┌────────
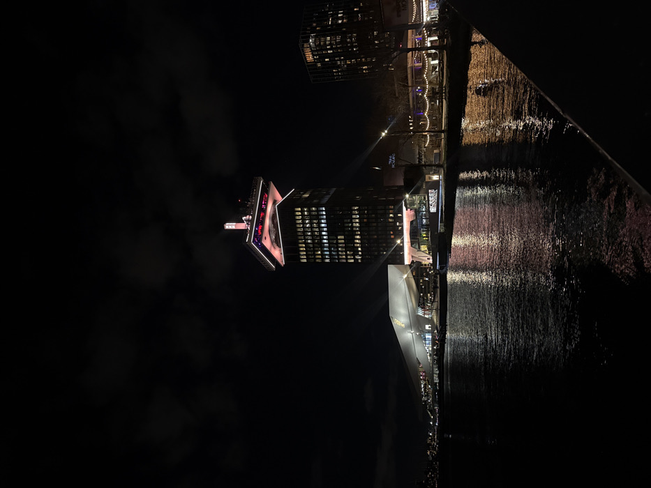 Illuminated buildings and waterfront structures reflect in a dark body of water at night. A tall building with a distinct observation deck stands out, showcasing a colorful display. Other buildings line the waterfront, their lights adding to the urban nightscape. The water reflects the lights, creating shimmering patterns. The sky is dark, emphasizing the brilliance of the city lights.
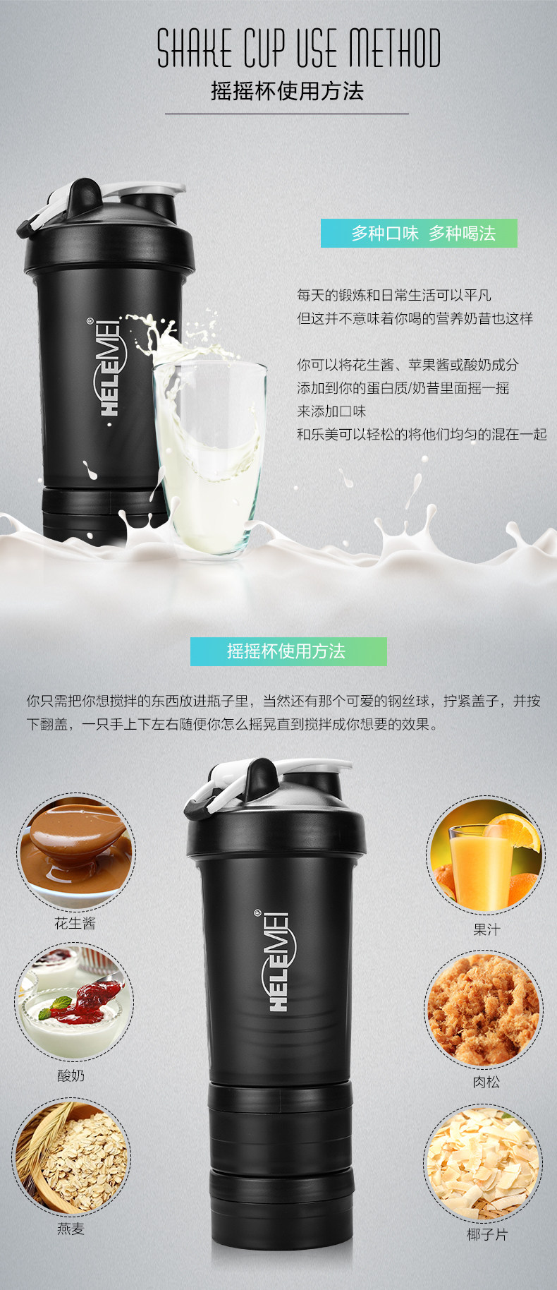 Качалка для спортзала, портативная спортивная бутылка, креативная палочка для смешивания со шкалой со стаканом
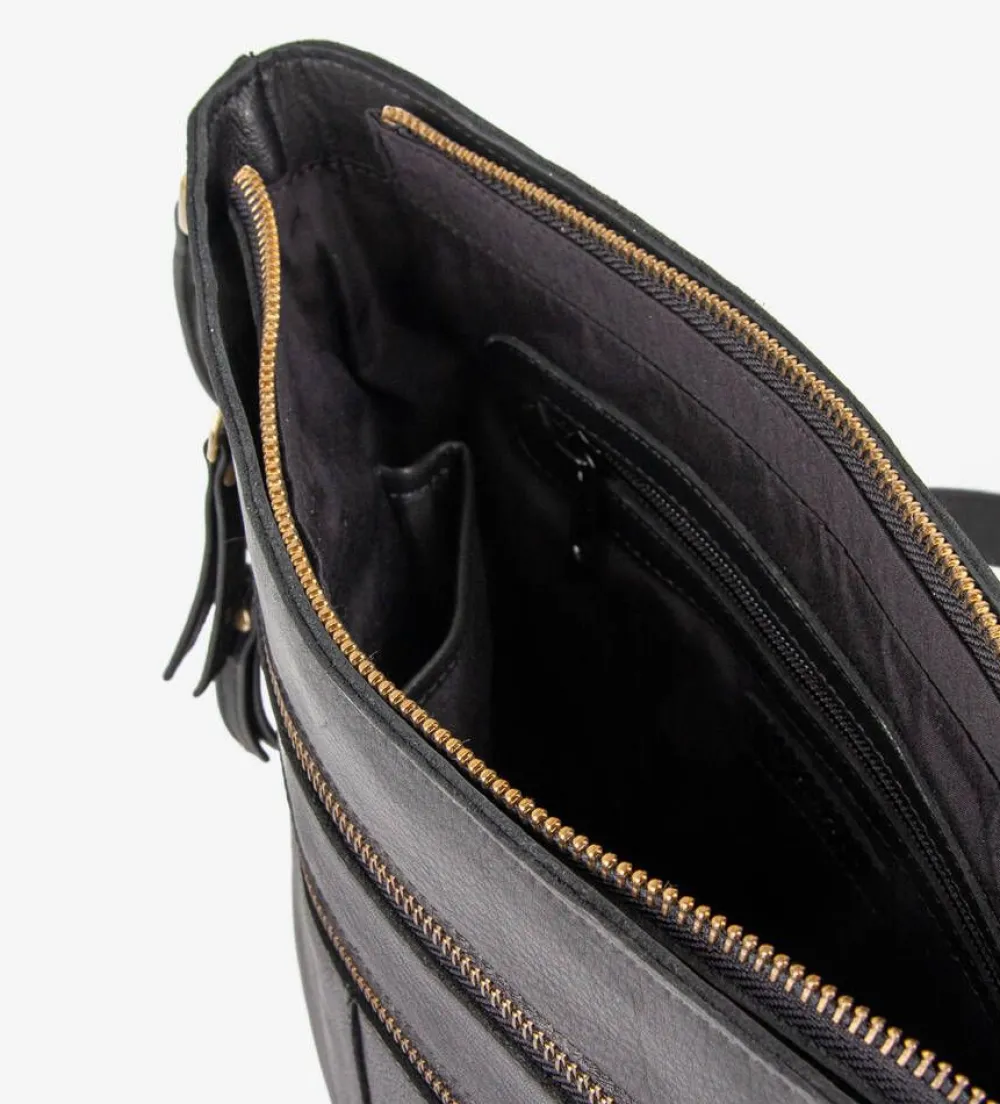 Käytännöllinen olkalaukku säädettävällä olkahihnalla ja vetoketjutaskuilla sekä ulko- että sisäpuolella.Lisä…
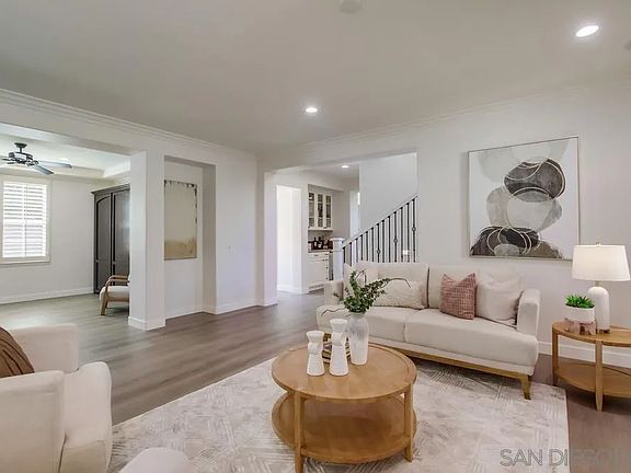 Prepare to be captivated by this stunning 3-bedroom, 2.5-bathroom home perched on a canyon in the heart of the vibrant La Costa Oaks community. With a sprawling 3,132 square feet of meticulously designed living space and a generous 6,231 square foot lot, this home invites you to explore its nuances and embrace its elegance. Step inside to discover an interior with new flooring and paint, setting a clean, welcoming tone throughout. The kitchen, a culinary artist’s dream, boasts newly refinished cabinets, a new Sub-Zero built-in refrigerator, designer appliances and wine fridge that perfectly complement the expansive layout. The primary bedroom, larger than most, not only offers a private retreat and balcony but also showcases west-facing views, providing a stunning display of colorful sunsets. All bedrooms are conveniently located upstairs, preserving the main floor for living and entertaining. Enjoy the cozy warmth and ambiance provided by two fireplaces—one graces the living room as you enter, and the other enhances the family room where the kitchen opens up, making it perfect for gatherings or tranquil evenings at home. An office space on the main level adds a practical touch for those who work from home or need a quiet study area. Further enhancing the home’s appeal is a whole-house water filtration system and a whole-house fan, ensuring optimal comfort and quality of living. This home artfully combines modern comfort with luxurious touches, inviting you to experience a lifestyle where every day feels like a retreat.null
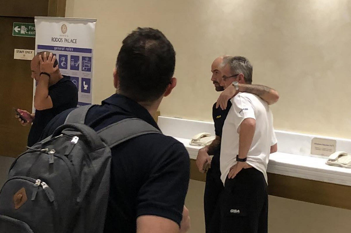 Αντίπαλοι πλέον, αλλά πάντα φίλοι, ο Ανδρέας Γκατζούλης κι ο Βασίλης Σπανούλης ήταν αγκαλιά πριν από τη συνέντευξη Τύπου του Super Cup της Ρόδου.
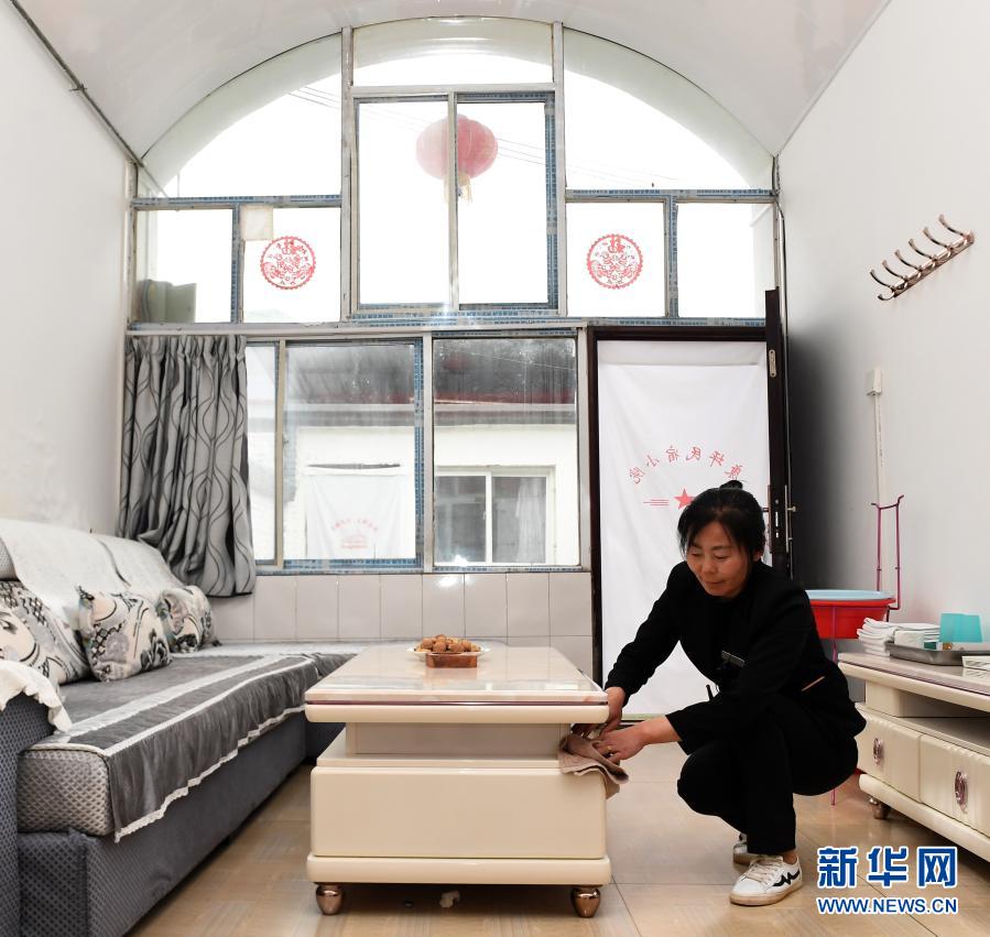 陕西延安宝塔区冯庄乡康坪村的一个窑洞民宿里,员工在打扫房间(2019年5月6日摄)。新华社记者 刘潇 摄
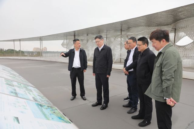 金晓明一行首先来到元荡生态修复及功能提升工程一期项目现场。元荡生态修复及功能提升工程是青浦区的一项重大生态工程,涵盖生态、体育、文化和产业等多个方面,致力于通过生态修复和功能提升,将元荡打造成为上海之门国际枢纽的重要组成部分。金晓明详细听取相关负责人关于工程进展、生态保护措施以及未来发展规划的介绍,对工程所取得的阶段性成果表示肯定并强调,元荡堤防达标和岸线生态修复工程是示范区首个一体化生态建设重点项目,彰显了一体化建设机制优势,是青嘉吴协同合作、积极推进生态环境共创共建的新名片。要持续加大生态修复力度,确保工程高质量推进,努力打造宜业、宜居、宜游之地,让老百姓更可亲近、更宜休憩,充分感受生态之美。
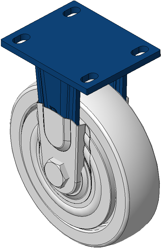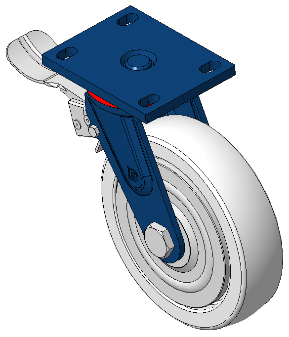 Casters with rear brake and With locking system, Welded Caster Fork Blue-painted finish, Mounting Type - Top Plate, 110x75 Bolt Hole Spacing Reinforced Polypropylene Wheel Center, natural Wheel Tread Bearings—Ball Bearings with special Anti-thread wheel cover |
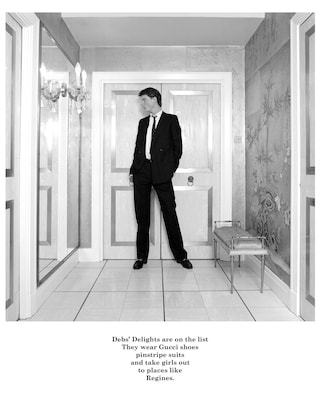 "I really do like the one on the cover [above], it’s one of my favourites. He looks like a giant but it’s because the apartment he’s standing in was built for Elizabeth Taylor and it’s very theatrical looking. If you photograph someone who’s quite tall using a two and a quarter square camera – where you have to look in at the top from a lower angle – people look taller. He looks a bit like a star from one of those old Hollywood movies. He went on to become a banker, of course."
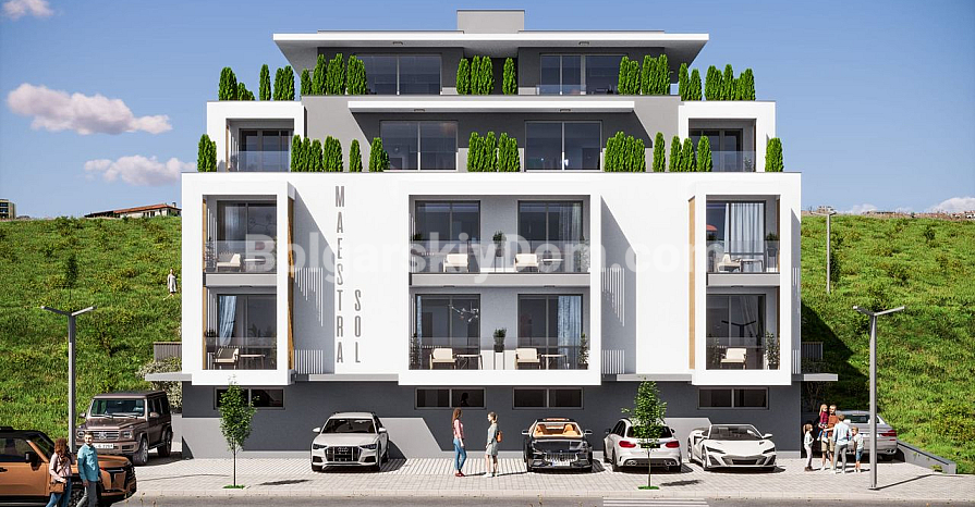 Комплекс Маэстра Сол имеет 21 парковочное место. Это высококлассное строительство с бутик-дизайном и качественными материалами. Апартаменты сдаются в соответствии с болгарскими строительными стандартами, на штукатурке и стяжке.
└────────
- [What you will do]:
Return all entries preceding this task exactly as they stand, leaving any picture out.

- [Result for this exercise]:
 Illuminated buildings and waterfront structures reflect in a dark body of water at night. A tall building with a distinct observation deck stands out, showcasing a colorful display. Other buildings line the waterfront, their lights adding to the urban nightscape. The water reflects the lights, creating shimmering patterns. The sky is dark, emphasizing the brilliance of the city lights.
 Качалка для спортзала, портативная спортивная бутылка, креативная палочка для смешивания со шкалой со стаканом
 Käytännöllinen olkalaukku säädettävällä olkahihnalla ja vetoketjutaskuilla sekä ulko- että sisäpuolella.Lisä…
 Prepare to be captivated by this stunning 3-bedroom, 2.5-bathroom home perched on a canyon in the heart of the vibrant La Costa Oaks community. With a sprawling 3,132 square feet of meticulously designed living space and a generous 6,231 square foot lot, this home invites you to explore its nuances and embrace its elegance. Step inside to discover an interior with new flooring and paint, setting a clean, welcoming tone throughout. The kitchen, a culinary artist’s dream, boasts newly refinished cabinets, a new Sub-Zero built-in refrigerator, designer appliances and wine fridge that perfectly complement the expansive layout. The primary bedroom, larger than most, not only offers a private retreat and balcony but also showcases west-facing views, providing a stunning display of colorful sunsets. All bedrooms are conveniently located upstairs, preserving the main floor for living and entertaining. Enjoy the cozy warmth and ambiance provided by two fireplaces—one graces the living room as you enter, and the other enhances the family room where the kitchen opens up, making it perfect for gatherings or tranquil evenings at home. An office space on the main level adds a practical touch for those who work from home or need a quiet study area. Further enhancing the home’s appeal is a whole-house water filtration system and a whole-house fan, ensuring optimal comfort and quality of living. This home artfully combines modern comfort with luxurious touches, inviting you to experience a lifestyle where every day feels like a retreat.null
 Αντίπαλοι πλέον, αλλά πάντα φίλοι, ο Ανδρέας Γκατζούλης κι ο Βασίλης Σπανούλης ήταν αγκαλιά πριν από τη συνέντευξη Τύπου του Super Cup της Ρόδου.
 陕西延安宝塔区冯庄乡康坪村的一个窑洞民宿里,员工在打扫房间(2019年5月6日摄)。新华社记者 刘潇 摄
 金晓明一行首先来到元荡生态修复及功能提升工程一期项目现场。元荡生态修复及功能提升工程是青浦区的一项重大生态工程,涵盖生态、体育、文化和产业等多个方面,致力于通过生态修复和功能提升,将元荡打造成为上海之门国际枢纽的重要组成部分。金晓明详细听取相关负责人关于工程进展、生态保护措施以及未来发展规划的介绍,对工程所取得的阶段性成果表示肯定并强调,元荡堤防达标和岸线生态修复工程是示范区首个一体化生态建设重点项目,彰显了一体化建设机制优势,是青嘉吴协同合作、积极推进生态环境共创共建的新名片。要持续加大生态修复力度,确保工程高质量推进,努力打造宜业、宜居、宜游之地,让老百姓更可亲近、更宜休憩,充分感受生态之美。
 Casters with rear brake and With locking system, Welded Caster Fork Blue-painted finish, Mounting Type - Top Plate, 110x75 Bolt Hole Spacing Reinforced Polypropylene Wheel Center, natural Wheel Tread Bearings—Ball Bearings with special Anti-thread wheel cover |
 "I really do like the one on the cover [above], it’s one of my favourites. He looks like a giant but it’s because the apartment he’s standing in was built for Elizabeth Taylor and it’s very theatrical looking. If you photograph someone who’s quite tall using a two and a quarter square camera – where you have to look in at the top from a lower angle – people look taller. He looks a bit like a star from one of those old Hollywood movies. He went on to become a banker, of course."
 Комплекс Маэстра Сол имеет 21 парковочное место. Это высококлассное строительство с бутик-дизайном и качественными материалами. Апартаменты сдаются в соответствии с болгарскими строительными стандартами, на штукатурке и стяжке.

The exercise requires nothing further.